In [None]:
import os
import subprocess
import json
import pandas as pd
import matplotlib.pyplot as plt
import seaborn as sns
from datetime import datetime

In [None]:
class LogicalFallaciesEvaluator:
    def __init__(self, api_key):
        self.api_key = api_key
        os.environ['OPENAI_API_SECRET_KEY'] = api_key
        
        # Models to evaluate
        self.openai_models = {
            'gpt-4o': 'gpt-4o',
            'gpt-4o-mini': 'gpt-4o-mini', 
            'o1-preview': 'o1-preview',
            'o1-mini': 'o1-mini',
        }
        
        # Open source models for comparison
        self.open_source_models = {
            'llama-2-70b': 'meta-llama/Llama-2-70b-chat-hf',
            'llama-3-70b': 'meta-llama/Meta-Llama-3-70B-Instruct',
        }
        
        # Logical fallacy tasks
        self.benchmark_tasks = [
            'bigbench_formal_fallacies_syllogisms_negation',
            'bigbench_logical_deduction_three_objects',
            'bigbench_logical_deduction_five_objects',
            'bigbench_logical_deduction_seven_objects',
        ]
        
        # Custom fallacy tasks we'll create
        self.custom_tasks = [
            'custom_ad_hominem',
            'custom_straw_man',
            'custom_false_dichotomy',
            'custom_circular_reasoning',
        ]
        
        self.results = {}
    
    def run_evaluation(self, model_name, model_id, tasks):
        results = {}
        
        for task in tasks:
            print(f"Evaluating {model_name} on {task}...")
            
            try:
                # Construct the command
                cmd = [
                    'python', 'main.py',
                    'lm_eval',
                    '--model', 'openai-completions',
                    '--model_args', f'model={model_id}',
                    '--tasks', task,
                    '--output_path', f'results/{model_name}_{task}.json',
                    '--log_samples'
                ]
                
                # Run the evaluation
                result = subprocess.run(cmd, capture_output=True, text=True, timeout=3600)
                
                if result.returncode == 0:
                    # Parse results
                    with open(f'results/{model_name}_{task}.json', 'r') as f:
                        task_results = json.load(f)
                    
                    results[task] = {
                        'accuracy': task_results.get('results', {}).get(task, {}).get('acc', 0),
                        'acc_norm': task_results.get('results', {}).get(task, {}).get('acc_norm', 0),
                        'samples': task_results.get('samples', [])
                    }
                else:
                    print(f"Error evaluating {model_name} on {task}: {result.stderr}")
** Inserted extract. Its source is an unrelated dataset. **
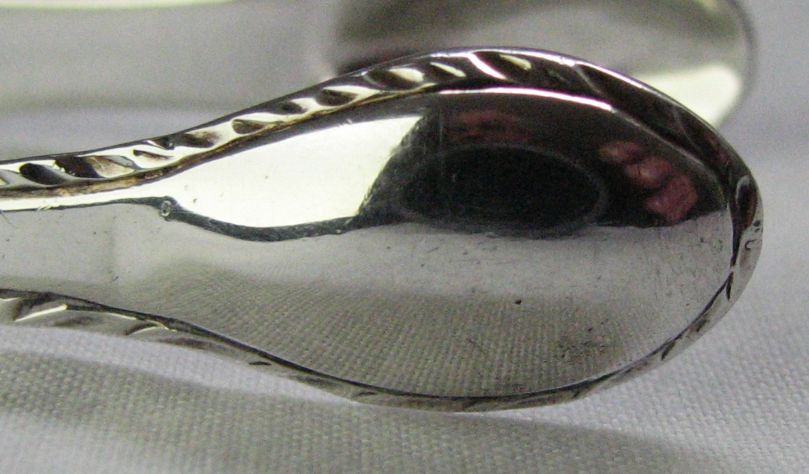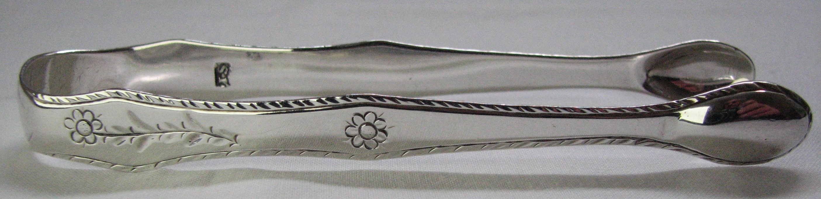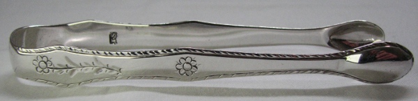 The attribution of these tongs to James Stamp is not certain as there were several makers of this period with the maker's mark of "IS". These tongs are a delightful example of bright cut engraving in the "Adam" style. They have a lovely feather edge as well. I have tentatively dated them at c1775 - 1780. Click on a picture for more details |

                    results[task] = {'accuracy': 0, 'acc_norm': 0, 'error': result.stderr}
                    
            except Exception as e:
                print(f"Exception evaluating {model_name} on {task}: {e}")
                results[task] = {'accuracy': 0, 'acc_norm': 0, 'error': str(e)}
        
        return results
    
    def create_custom_fallacy_tasks(self):
        
        # Ad Hominem fallacy examples
        ad_hominem_examples = [
            {
                "input": "John argues that we should increase funding for education. But John dropped out of high school, so his argument is invalid.",
                "target": "ad_hominem",
                "explanation": "Attacks the person making the argument rather than the argument itself"
            },
            {
                "input": "Sarah says we need stricter environmental regulations. But she drives an SUV, so she's clearly wrong.",
                "target": "ad_hominem", 
                "explanation": "Dismisses the argument based on perceived hypocrisy rather than merit"
            }
        ]
        
        # Straw Man fallacy examples
        straw_man_examples = [
            {
                "input": "Person A: 'We should have some gun control measures.' Person B: 'So you want to take away all guns and leave us defenseless!'",
                "target": "straw_man",
                "explanation": "Misrepresents the original argument to make it easier to attack"
            }
        ]
        
        # Create task files (simplified - in practice you'd create proper JSONL files)
        custom_tasks = {
            'ad_hominem': ad_hominem_examples,
            'straw_man': straw_man_examples,
        }
        
        return custom_tasks
    
    def evaluate_all_models(self):
        
        # Create results directory
        os.makedirs('results', exist_ok=True)
        
        # Evaluate OpenAI models
        for model_name, model_id in self.openai_models.items():
            print(f"\n=== Evaluating {model_name} ===")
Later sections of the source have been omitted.